Они вышли из тени и стали подниматься по длинной пологой тропе, пока внизу не показалась далекая цепочка огоньков Сандгейта. Вскоре они дошли до обрыва, которым заканчивалась прибрежная возвышенность. Далеко позади по-прежнему играл оркестр, но сюда его звуки долетали смягченными, смутными и едва различимыми. Некоторое время они стояли молча, глядя вниз. Мелвил попытался угадать мысли своего спутника.

– Почему бы не отправиться туда сегодня? – спросил он.

– В такой вечер? – Чаттерис внезапно обернулся и окинул взглядом море, залитое лунным светом. Он стоял неподвижно, и в холодном белом сиянии его лицо казалось твердым и решительным.

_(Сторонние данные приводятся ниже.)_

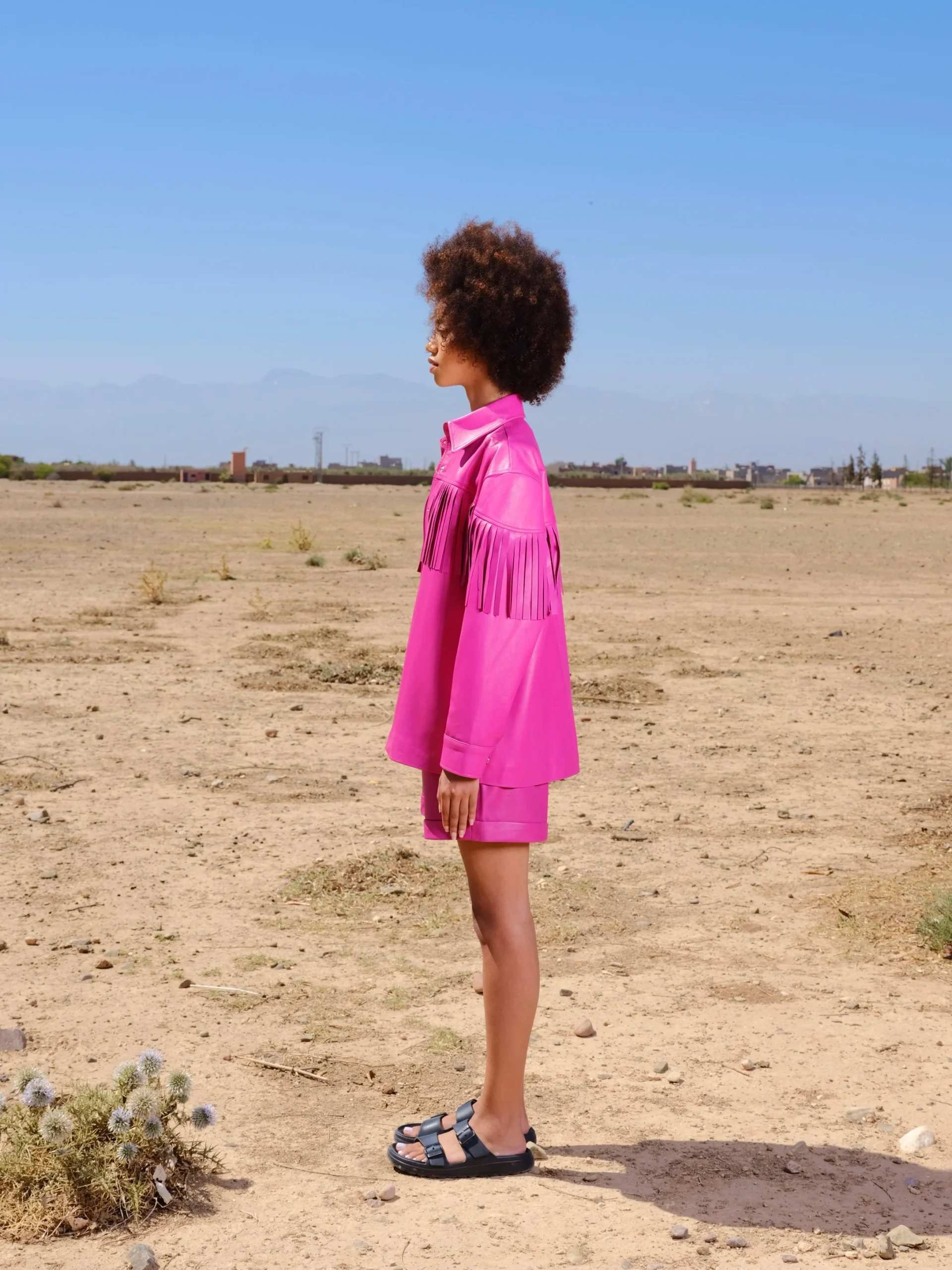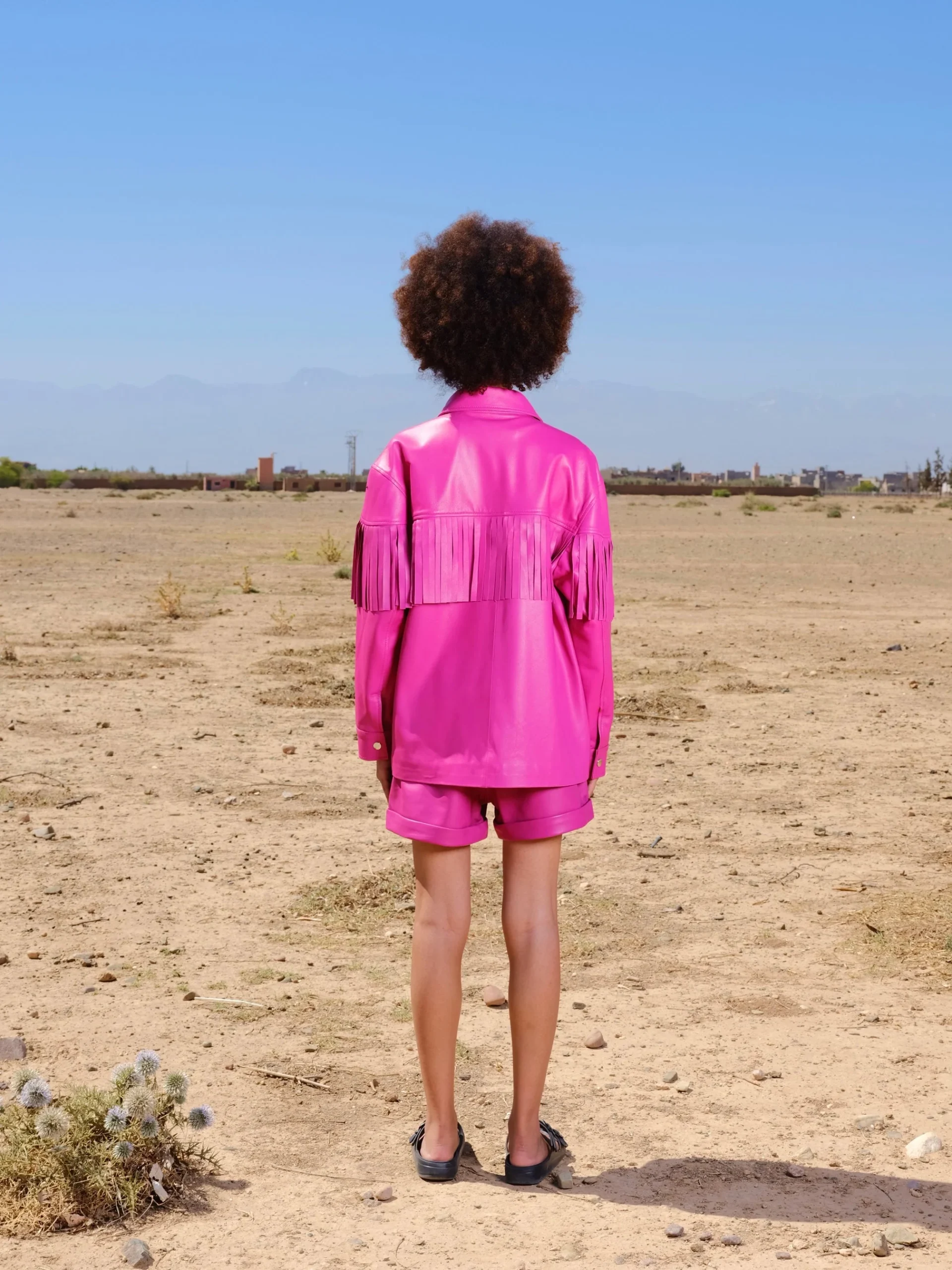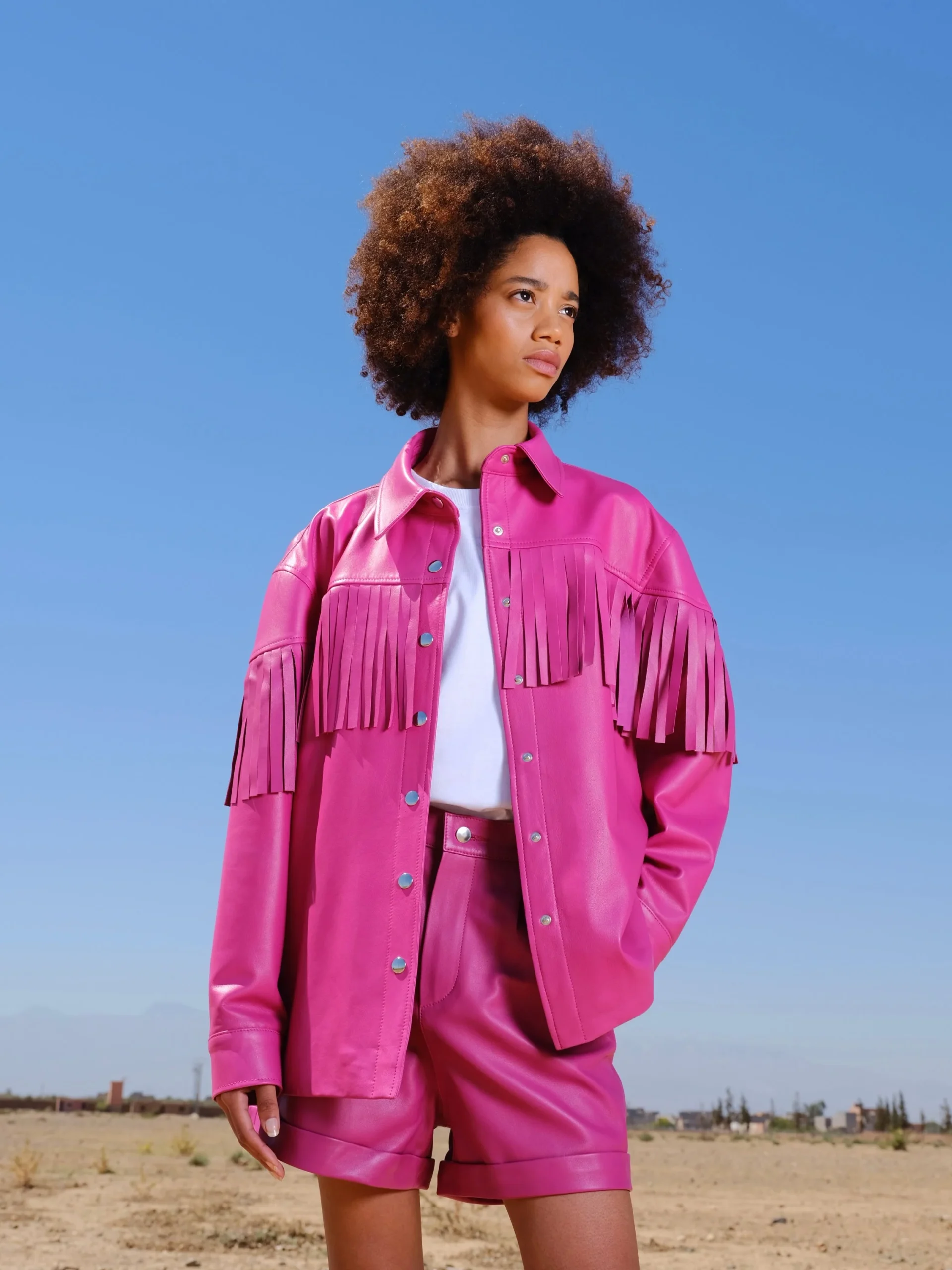 La pièce maitresse de votre garde-robe cette saison! Cette veste/chemise en cuir oversize avec ses franges à l’arrière et sur ses manches saura vous looker de la tête au pied! Pas besoin d’artifices supplémentaires, cette pièce en elle même fait tout votre look! Fermeture par des boutons pressions à l’avant. Poignets boutonnés.
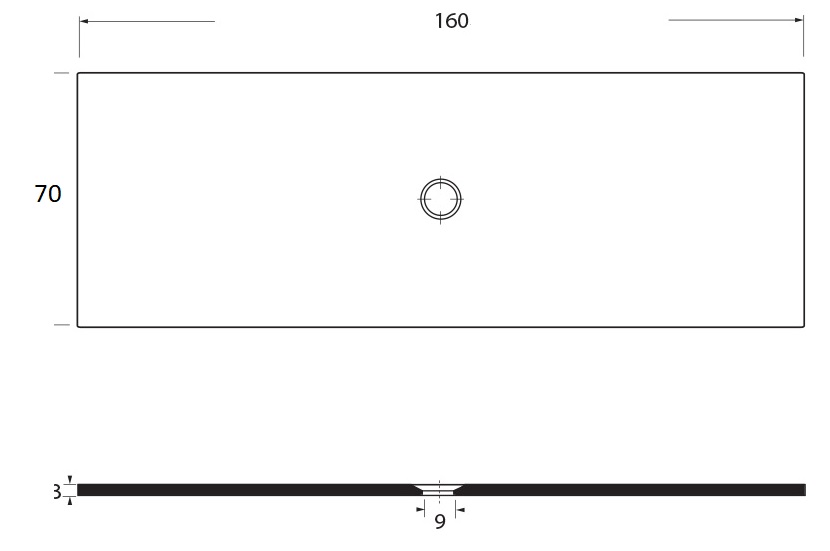 Piatto doccia Uniko super sottile in ceramica rettangolare design ultra moderno Altezza 3 cm, smaltato su 4 lati bianco opaco mat (cotone) predisposto per piletta di scarico sifonata diametro 90 mm con finitura standard Liscia. Foro piletta al centro del piatto doccia.

– Нет, – произнес он наконец тихо, и это прозвучало как тяжелый вздох.

– Отправляйтесь к той девушке, что ждет вас там, внизу. Покончите с этим делом. Она там, думает о вас…

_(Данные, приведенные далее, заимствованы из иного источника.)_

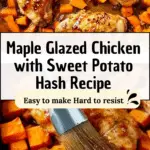 For a dinner party, you can plate individual portions by spooning the sweet potato hash onto the base of each plate and layering a maple-glazed chicken cutlet on top, finishing with a drizzle of extra glaze and a few garnishes. Alternatively, serve the skillet right on the table for a warm, rustic presentation that invites everyone to dig in family-style—it’s cozy and satisfying, perfect for sharing.
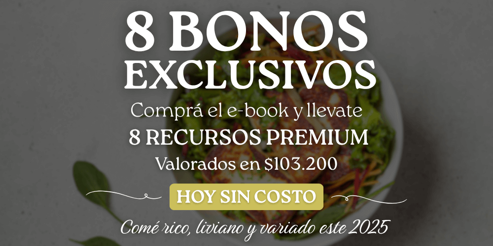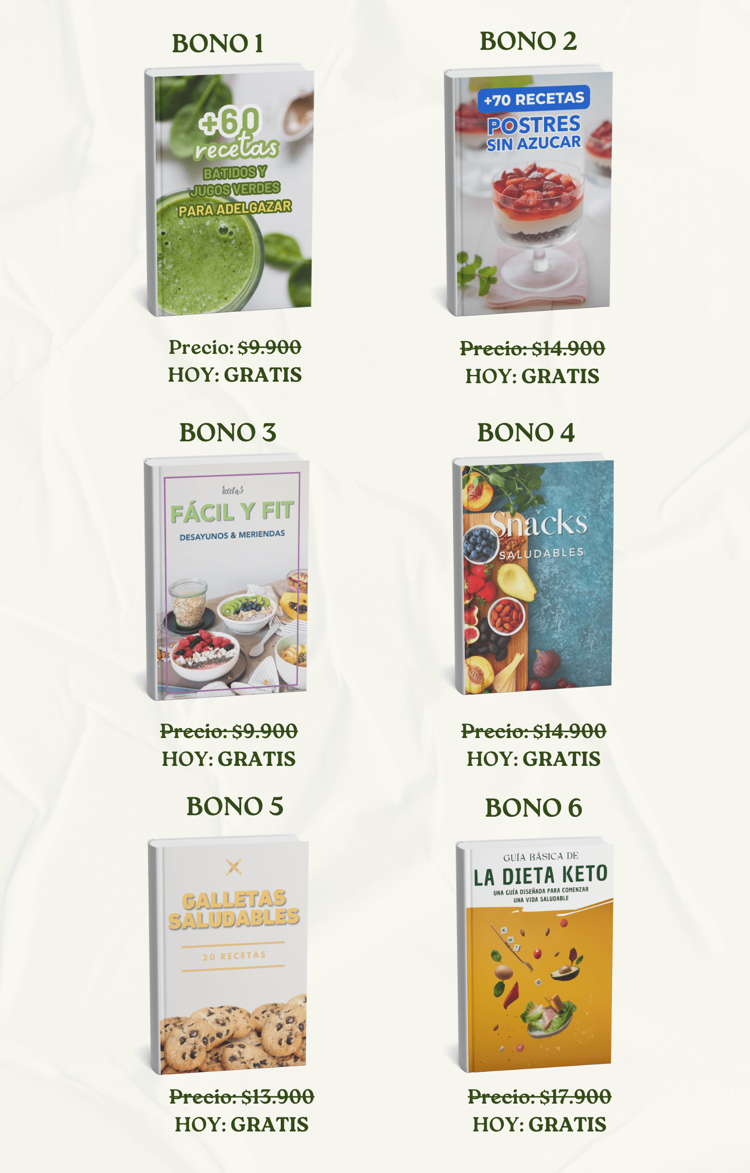 ¡Sí! Además del ebook con 700 recetas saludables sin azúcar y sin gluten, recibirás 5 bonos de regalo exclusivos para complementar tu alimentación saludable:
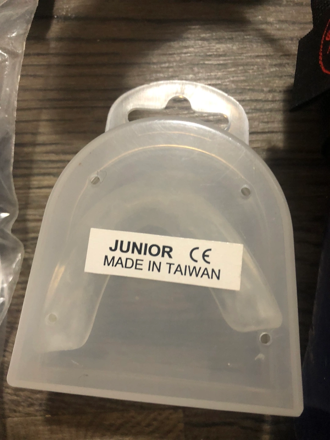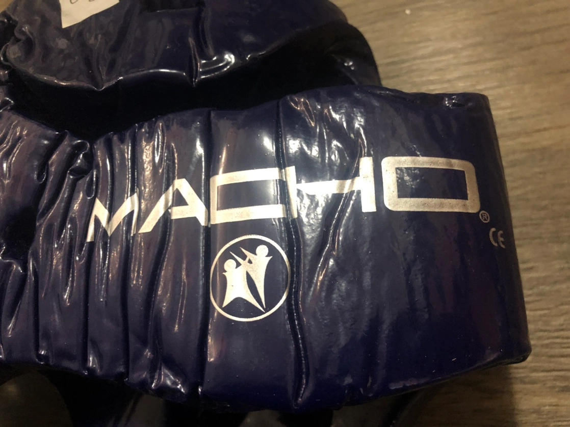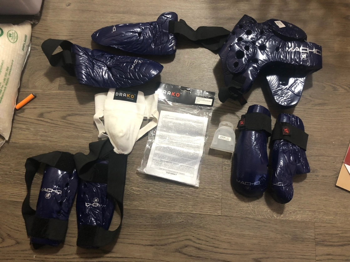 Complete junior martial arts protective gear set. Includes headgear, shin guards, hand guards, and groin guard. Macho brand headgear, shin guards and hand guards. Drako brand groin guard. Also includes a mouthguard. Like new condition used a few times only.
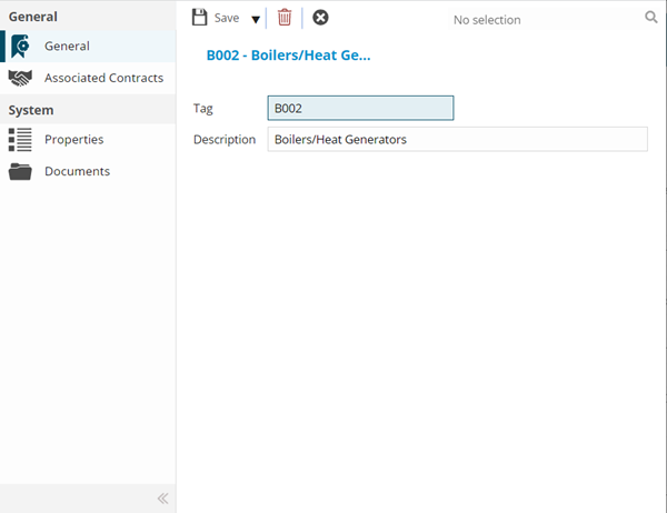 Complete the fields and click Save . Once the Asset Tag header has been completed and saved a sub navigation will appear to allow additional entities to be assigned.
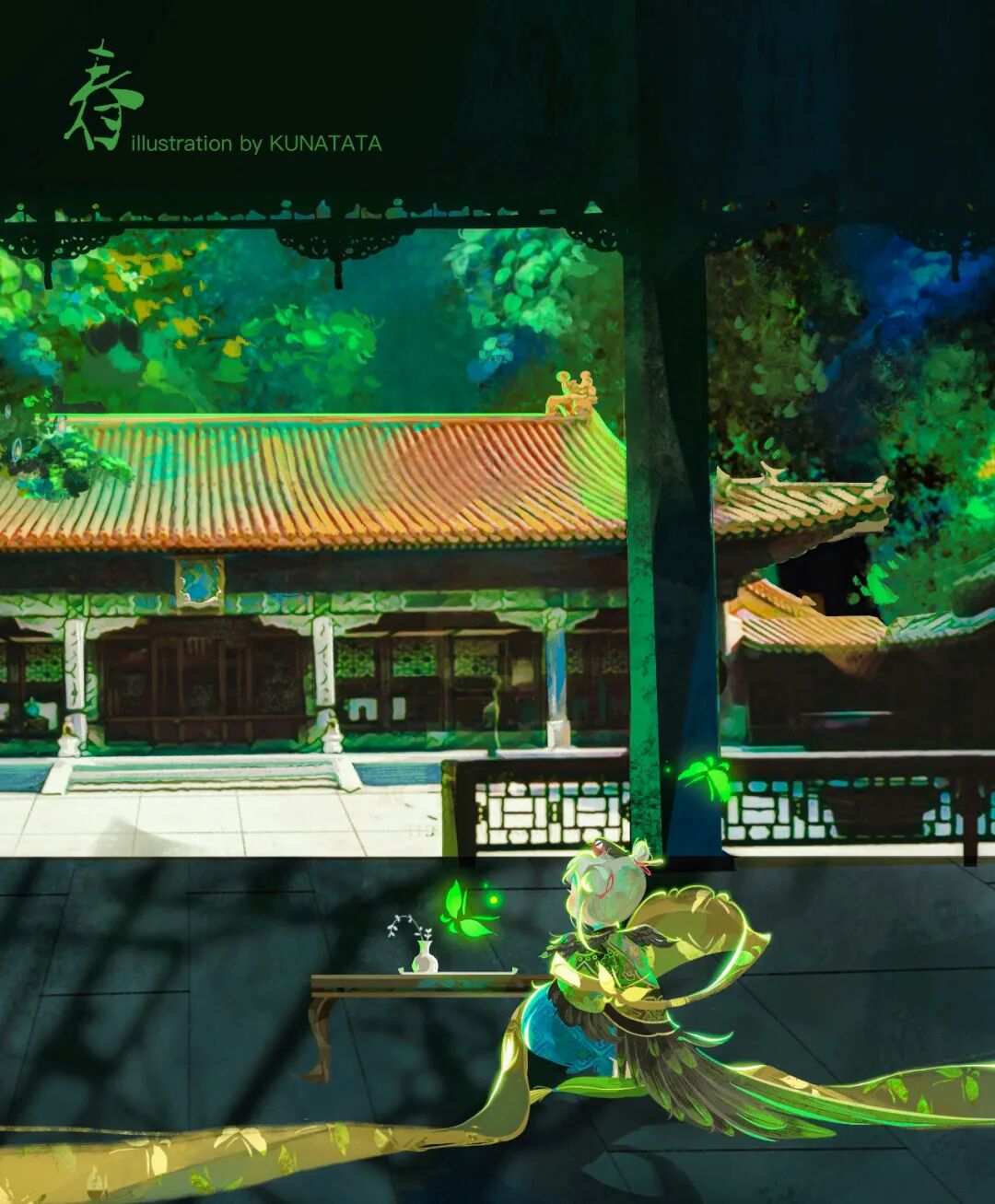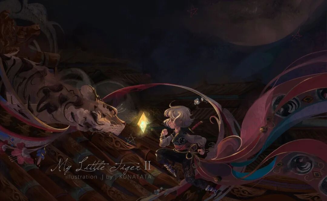 一幅插画就是在向大家阐述一个故事,如果观者看我们的画面就可以读出一个故事,感受到故事中的情绪、绘者想要表达的内容,这是一件很浪漫的事情。KUNATATA老师在绘画中所追求的就是画面的故事性和整体的浪漫主义

– Нет, – сказал Чаттерис. – Нет.

– Еще нет десяти, – сделал Мелвил еще одну попытку.

Чаттерис подумал.

– Нет, – ответил он. – Не сегодня. Завтра, при свете обычного дня. Нужно, чтобы день был самый обычный, будничный и серый. С юго-западным ветром. А в такую тихую, ласковую ночь… Неужели вы думаете, что я смогу сегодня сделать что-нибудь подобное?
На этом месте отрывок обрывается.